En los ‘80 –pregunten-, existían solo dos bandas populares en la Argentina: Kiss y Queen. Por alguna curiosa razón, competían y vos era de uno o eras del otro. Epocas sin política partidaria donde la grieta se saldaba entre Almendra-Manal, Beatles-Stones o Piazzolla-Troilo. Kiss y Queen también fueron funcionales la mecha corta de la dicotomía.

Un show tradicional

El recital de esta noche suena elemental y paisajístico. Un show tan tradicional en sus artimañas, que de a ratos nos pone nerviosos. Kiss siempre tiene una buena razón para que algo explote mientras Simmons -y su erecta línea de bajo- divierte a la gente sacando la fenomenal lengua sin frenillo de 17 centímetros.

Más rayos y centellas cuando está por cantar God of Thunder. De eso trata el adiós que terminarán autospoileando con la festiva Rock and roll all Nite.

Así trascurren las dos horas de show. Stanley mueve sus caderas (sometidas a cirugía) y en un rato nos sobrevuela desde una tirolesa con sus zapatones fulgurantes cual esferas de cristal. Pensás con aire melancólico: ¿termina esta gira y no más estrella pintada sobre el ojo derecho?

Párrafo aparte para él: si algo no se discute es la voz de Stanley. Por él -no por Simmons-, por la voz del segundo Paul más importante del rock, Kiss tuvo su rivalidad local ni más ni menos que con Freddie Mercury.
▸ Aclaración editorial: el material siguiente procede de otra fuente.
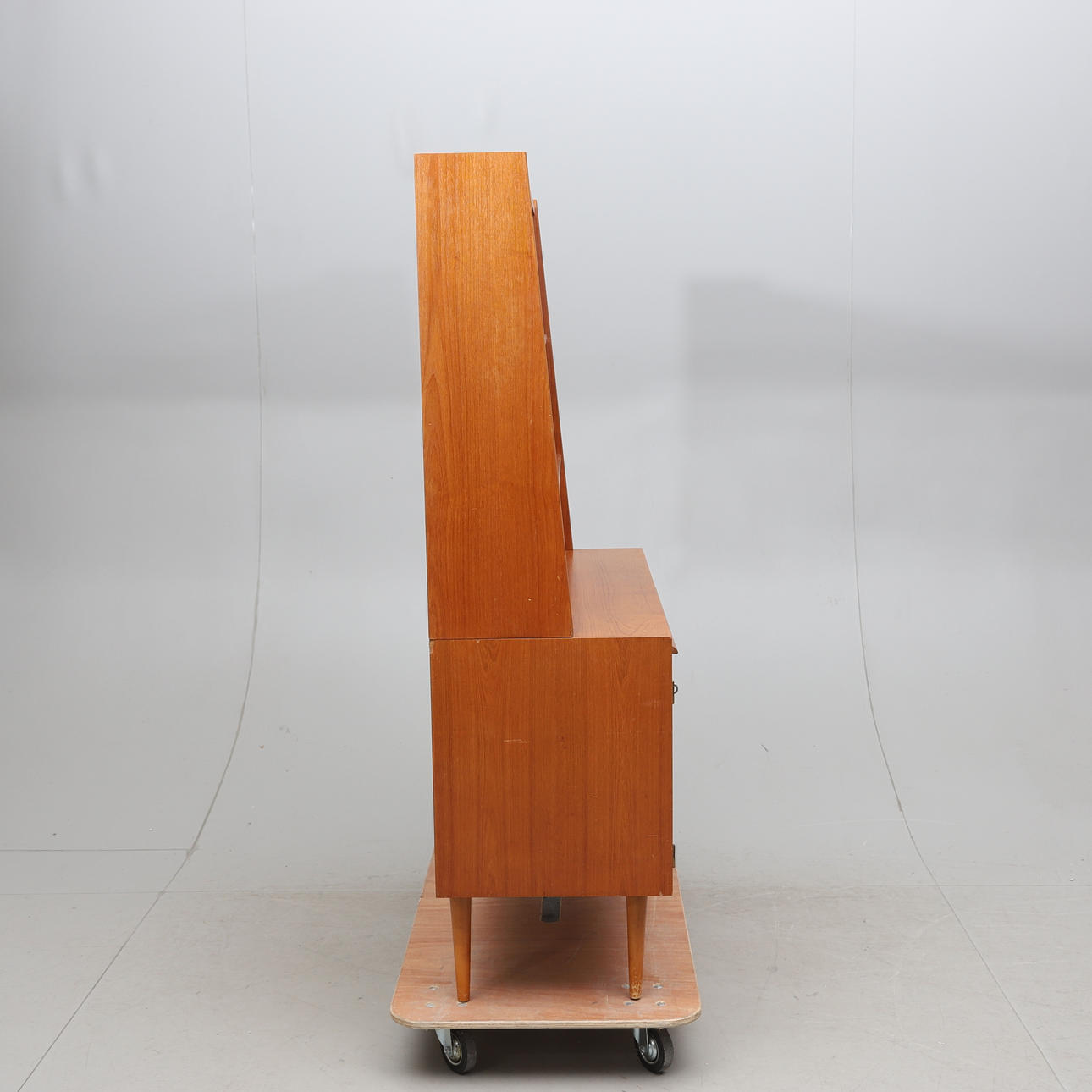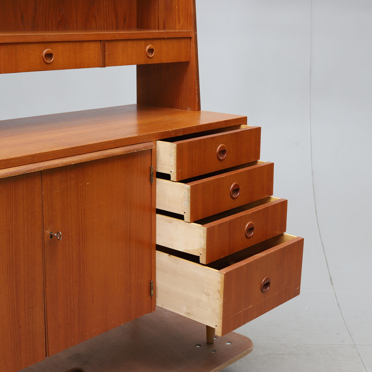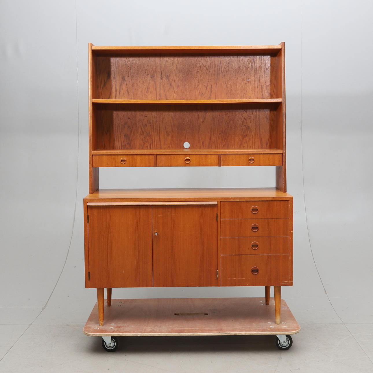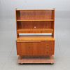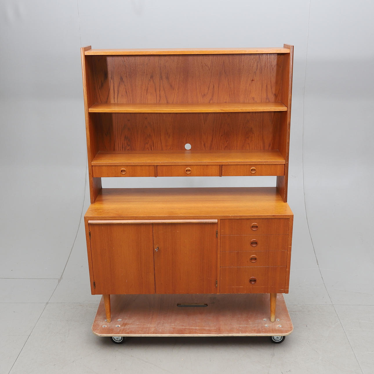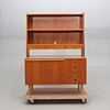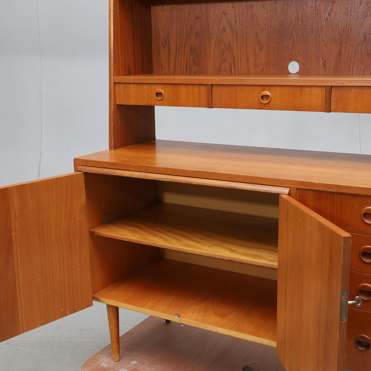 Veneered with teak. Two-piece. Upper part with shelf and 3 drawers. Lower part with pull-out writing board, 4 drawers and cabinet with underlying shelf.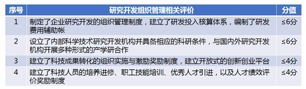 由技术专家根据企业研究开发与技术创新组织管理的总体情况,结合以下几项评价,进行综合打分: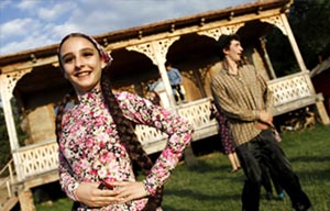Women pose for a picture during a folk festival at an open-air museum in Tbilisi

Lo entendemos ahora al verlo cantar y hablar con esa estridencia tan particular, entre épica, vecinal y despótica.

La música de Kiss es la misma historia de siempre. Con la oreja de Van Gogh alcanza y sobra. Mejor enfocarse en ver, en mirar el pasatiempo de masas que debe haber inspirado al creador del Cirque du Soleil. Si hay una banda que entendió que el rock es actitudinal, perceptivo y físico, esa banda fue Kiss. Una experiencia primitiva sin cuestionamiento alguno.

“¡Mira cómo toca…!”, se oye sobre el cierre. Claro, hay que mirar porque lo que se acaba es mucho más que un recital, es otro pavoroso bye-bye a la niñez perdida.